Update() will always exist.
John, I don't know what the type will be so this code doesn't work:
public void Foo()
{
if (this is Derived)
{
Derived d = (Derived)this;
d.Update();
}
}
I was trying to provide a simple example but the code does this:
public class BaseClass<T>{...}
public class MyClass: BaseClass<Person>, IClass<Person>{...}
I guess I'm not sure how your code would apply in this case.
In the end, how is your technique any better tham what I'm doing? We
are both still casting.
I can't use abstract because the base class has method bodies that do
something. In other words, it isn't an abstract class.
Thanks,
Brett
Hi Brett,
Update() will always exist.
I know you say that, but the compiler doesn't know that. It is conceivable
that you could create a derived class that does not implement an Update()
method. You need to instruct the compilre that Update() will always exist.
To do this, you define your base class as being abstract, and your Update()
method as abstract:
public abstract class BaseClass
{
public void Foo()
{
Update();
}
public abstract void Update();
}
An abstract class cannot be instantiated, however, and if you require this
functionality, remove the abstract modifiers, and define the Update()

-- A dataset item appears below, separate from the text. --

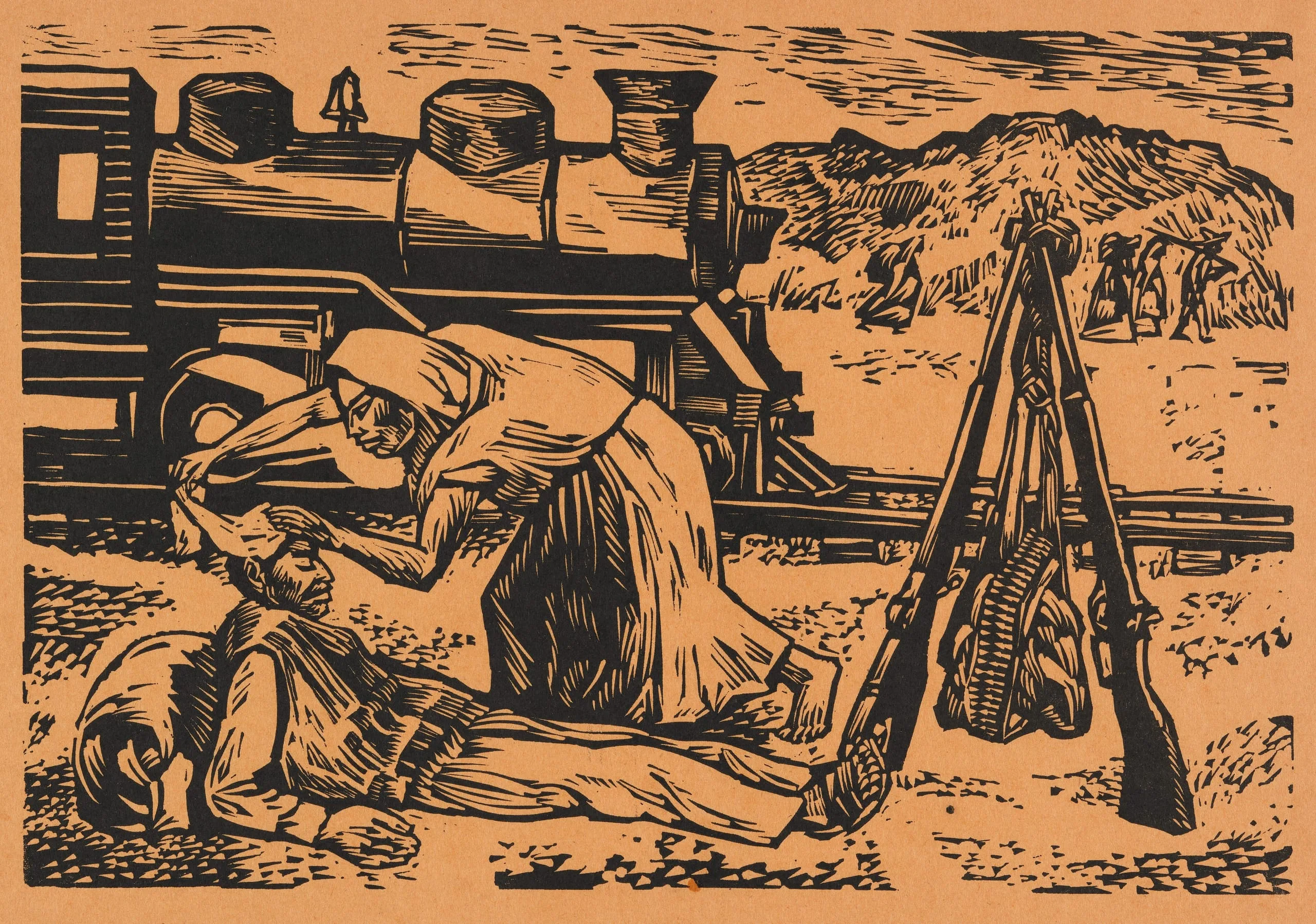 Women were active participants in the Mexican Revolution. Lower-class women, especially, filled various roles—such as soldiers, nurses, and cooks—and provided care and supplies to the troops. Such women were known by several names including soldaderas (female soldiers), camp followers, and Adelitas. Popularized through corridos (ballads) and photographs, the Adelita archetype became an allegorical and romanticized icon of the revolution. In this image, Alfredo Zalce honors the soldadera and alludes to her many roles. Here, she tends to the head wound of an injured soldier next to two rifles, one of which may be hers.

method as virtual, and in your base class, provide no implementation:
public class BaseClass
{
public void Foo()
{
Update();
}
public virtual void Update()
{
}
}
Now, any derived classes from the abstract version MUST override Update():
public class DerivedClass : BaseClass
{
public override void Update()
{
// Implementation
}
}
Or, derived classes from the virtual version MAY override Update():
public class DerivedClass : BaseClass
{
public override void Update()
{
// Implementation
}
}
--
Hope this helps,
Tom Spink